About 800,000 Tiguan compact sport-utility-vehicles worldwide may have lighting defects and 239,000 Amarok pickups could experience fuel leaks, the Wolfsburg, Germany-based manufacturer said today in two statements.

Gearbox Lubricant

The lubricant replacement in seven-speed dual-clutch gearboxes is intended to prevent electric malfunctions. VW, Audi, Skoda and Seat brand vehicles are targeted by the program, Franke said. A Chinese regulator said yesterday that 640,309 cars in that country are affected.

VW recalled 384,181 vehicles in China in March after state television featured complaints about vibrations, loss of power and sudden acceleration in models including the Golf, its best-selling car worldwide. That repair program, also involving dual-clutch gearbox flaws, prompted a public apology by Jochem Heizmann, chief of the carmaker’s Chinese business, at the Shanghai auto show in April.
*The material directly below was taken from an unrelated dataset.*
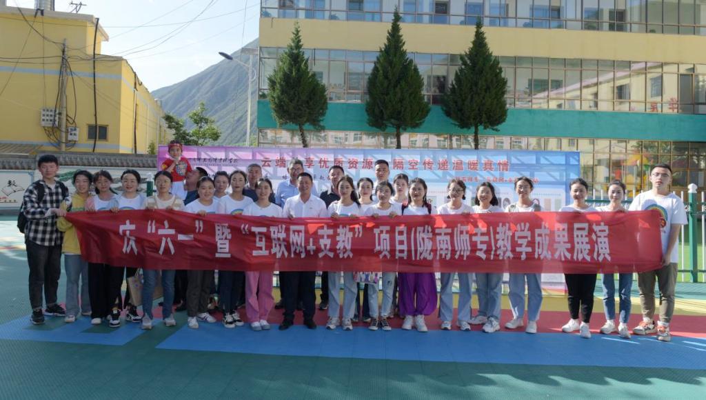 陇南师专和峰迭学区的小朋友一起“欢度六一”,通过一个个精心编排的节目师范生展示专业风采,师范生和随堂老师展示双师合作成效,中心校和教学点的孩子通过演唱、舞蹈、律动和器乐配合同唱一首歌,通过线上线下相结合的方式汇报“互联网+支教”项目阶段性教学成果。

The repair and replacement programs announced by Volkswagen yesterday compare with recalls of 10 million vehicle by Toyota in 2009 and 2010 for possible flaws related to unintended acceleration, including sticky accelerator pedals and floor mats that could shift out of position. The Japanese carmaker won a federal judge’s approval in July of a settlement with U.S. consumers suing the company over lost resale value that plaintiff lawyers valued at as much as $1.63 billion.

Toyota Program

Toyota said on Nov. 6 that it’s recalling 4,000 Tacoma 4-cylinder pickups in the U.S. to fix engine valve springs. It’s also recalling 1,180 vehicles in China for a similar problem, that country’s regulator said. Auburn Hills, Michigan-based Chrysler said on Nov. 8 that it’s recalling about 1.2 million Ram trucks to fix a steering-system part. Mitsubishi’s program involves a combined 96,800 vehicles in Japan for headline or engine-component flaws.

China, the world’s largest auto market, is a critical market for VW’s strategy to become the world’s largest automaker by 2018 while making up for a European industry that’s shrinking for a sixth straight year.

The gearbox-lubricant fault particularly affects vehicles driving in hot and humid weather in urban areas with a lot of stop-and-go traffic, Volkswagen said yesterday. The problem can be fixed by using mineral oil in place of synthetic oil, it said.